2025-07-16
50 分钟This is The Guardian.
Hi, my name is Alexander Klapp.
I'm the author of The Sludge King,
How One Man Turned an Industrial Wasteland into His Own El Dorado, published in 2022.
I stumbled upon this story almost by accident.
I was in Romania in the autumn of 2020 researching how and why Romania had become one of the greatest recipients of garbage in the European Union.
As I was leaving a police station,
an officer asked me almost in passing if I had ever heard the strange story of Daniel Baldor.
He gave me the quick version of the man in his life.
I was instantly obsessed and knew that I had to travel to the other side of Romania to meet Daniel and to learn his story firsthand.
I think two things drew me to this piece.
The first was the idea that a Roma man, a member of Romania's poorest and most despised minority,
had become a kind of Robin Hood in his hometown,
stealing from the old communist past and giving hope and money to its future.
And there was also a certain symbolism in Daniel Boldor's story that I found alluring.

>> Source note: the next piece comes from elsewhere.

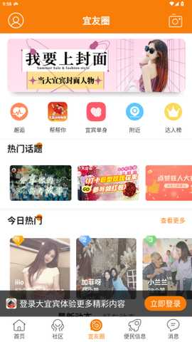 大宜宾app是一款人气颇高的社交软件,大宜宾官方版打造了丰富多样的功能,大宜宾最新版涵盖本地新闻资讯、吃喝玩乐推荐、求职招聘信息以及相亲交友服务等内容,几乎全方位覆盖了用户的日常生活场景,能有效提升用户的生活品质和社交体验。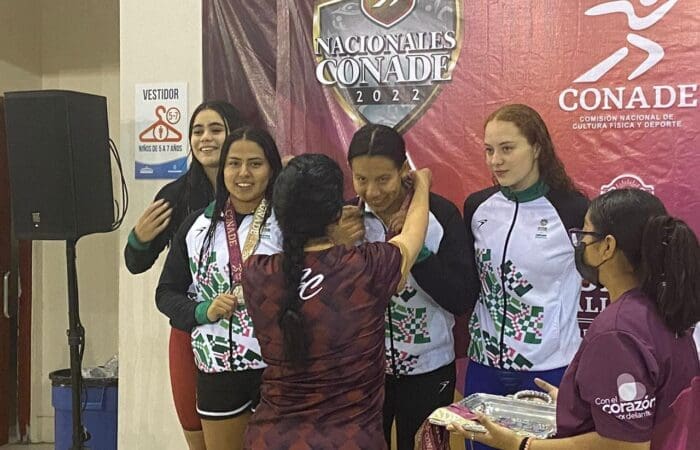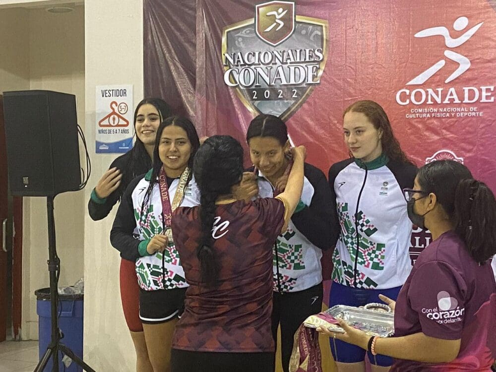 Asimismo, al equipo de potosinas conformado por Liseska Gallegos, Danna Pérez, Julianne Salvador y Karla de la Rosa, quienes ganaron medalla de plata, también en natación, en la prueba Relevo 4×200 en categoría libre femenil, mientras que la nadadora Fernanda Portillo rescató el bronce en la prueba de 100 metros pecho.

A generation after the assassination of Nicolae Ceausescu,
Romania's Cold War dictator, an entrepreneur from the middle of nowhere,
had single-handedly taken over one of communism's signature industries and turned it into a kind of personal fiefdom.
One thing that strikes me
as I reread this piece three years after its publication is the persistence of so many themes within the story.